Signature Stat: Harrison did not allow a pressure in 55 pass block snaps. Only two centers have taken more pass block snaps in a single game this season without allowing a pressure.

PFF Game Ball

Regardless of whom he was going up against, Bjoern Werner had an impressive outing and was a large part of holding Joe Flacco to just two completions on 14 drop-backs when under pressure.

 

Follow Matt on twitter: @PFF_MattC

| Analyst

Matt has been an analyst for PFF since 2013. He is also a contributor to 120 Sports and a former NCAA Division-III football player.

  • blue83

    What is with the weekly awful grades for Greg Toler? Watching all the Colts games, I haven’t seen him standout in a bad way and going by all the statistics on this site he is playing very well. There are no other CBs graded anywhere close to as poorly as he is with the quality stats he has put up.

    • Paul B

      Toler is the 98th rated corner (out of 102) in PFF’s coverage rating (-7.1), despite having the 10th lowest passer rating allowed (54.7) and 15th lowest completion percentage allowed (48.6) on passes thrown into his coverage.

      The only two stats where he’s bottom 15 at his position are missed tackles (4) and YAC (111).

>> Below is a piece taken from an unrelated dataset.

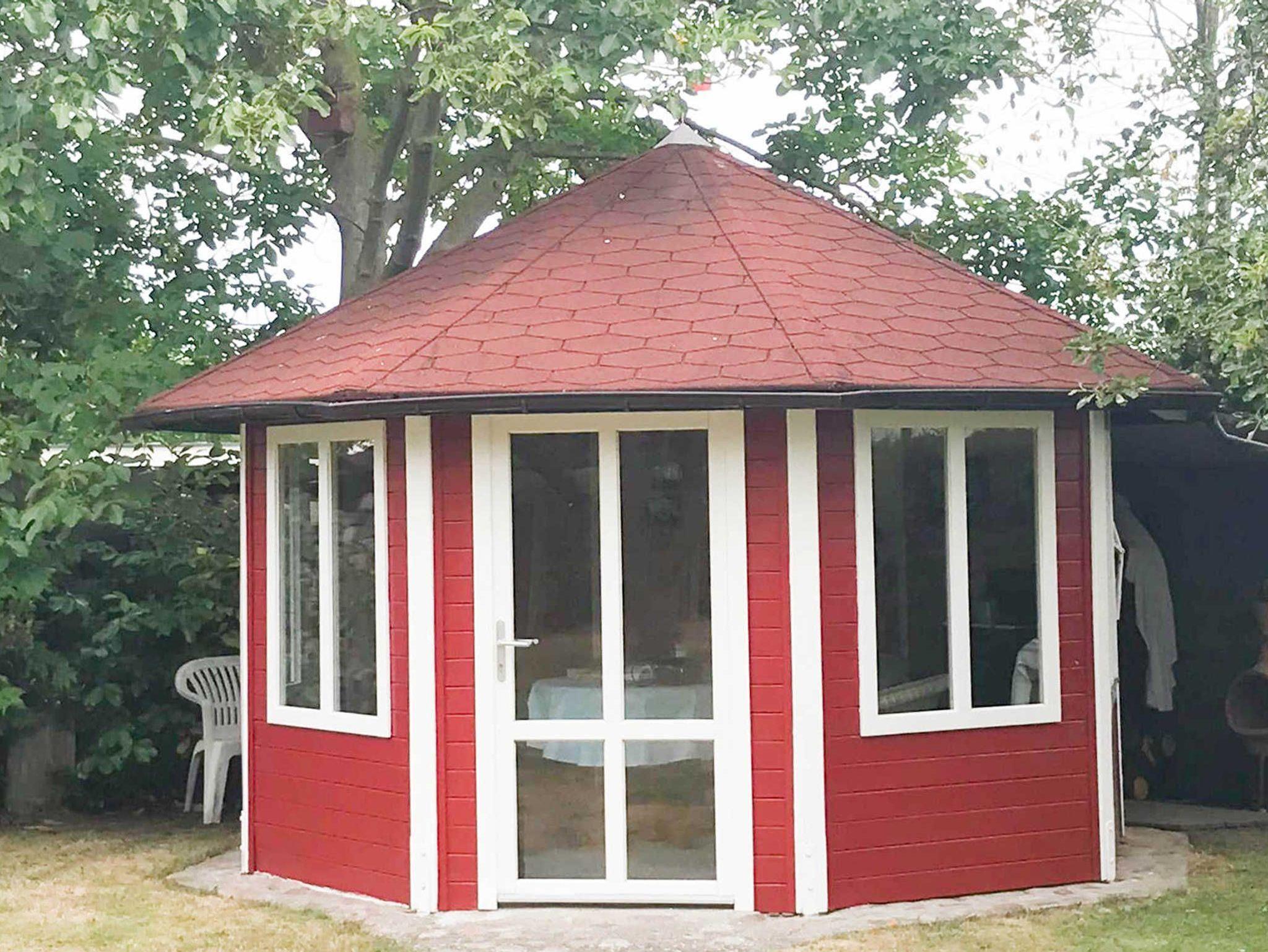 An die Finnhütte ist eine Terrasse mit Gartenmöbeln, Liegestühlen und einen Grill angeschlossen. Den PKW können Sie gerne auf dem komplett umzäunten Grundstück parken.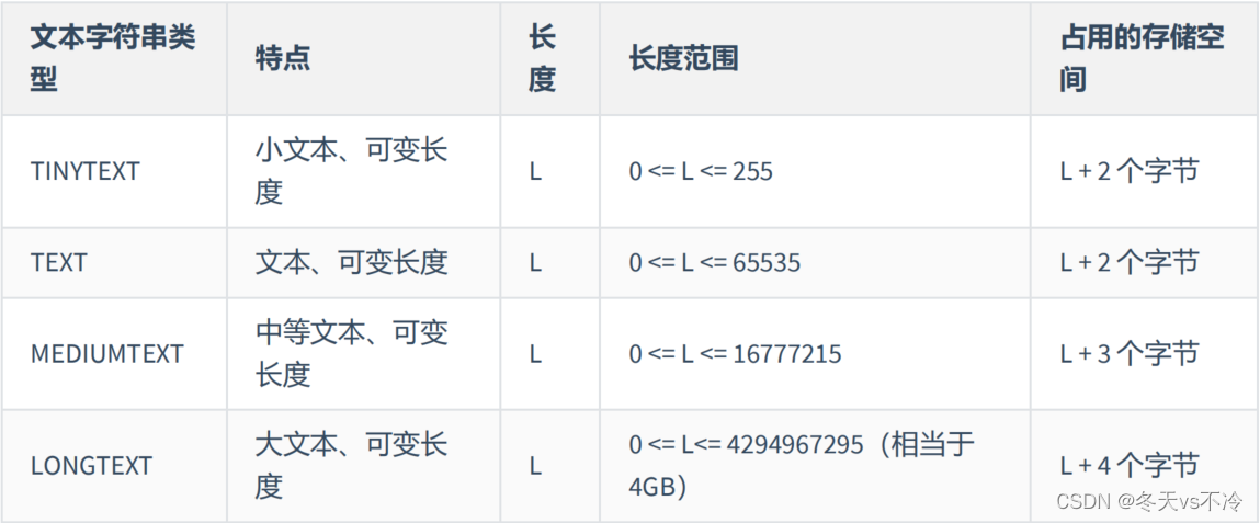 MySQL中,文本字符串总体上分为 CHAR 、 VARCHAR 、 TINYTEXT 、 TEXT 、 MEDIUMTEXT 、 LONGTEXT 、 ENUM 、 SET 等类型。

      The only explanation I can think of is that the stats are deceptive, to some degree. Unfortunately, PFF doesn’t track (or at least make available) CB stats related to WR drops or QB missed throws into the CB’s coverage. Unless someone at this site has a personal vendetta against Toler, this strikes me as the most reasonable explanation.

      • blue83

        I just don’t get it. No way is he really playing like the 4th worst qualifying CB.

        • JJ

          I think if you’re a corner you can still get a negative pass coverage grade in the snaps where the ball doesn’t come your way.

          • blue83

            Maybe, but generally if he is doing so poorly in coverage that his guy is open all the time then you think he would be targeted even more and eventually put up poor numbers.

  • Matthew Elliott

    How does CJ Mosley have 27 yards allowed but have 34 YAC allowed?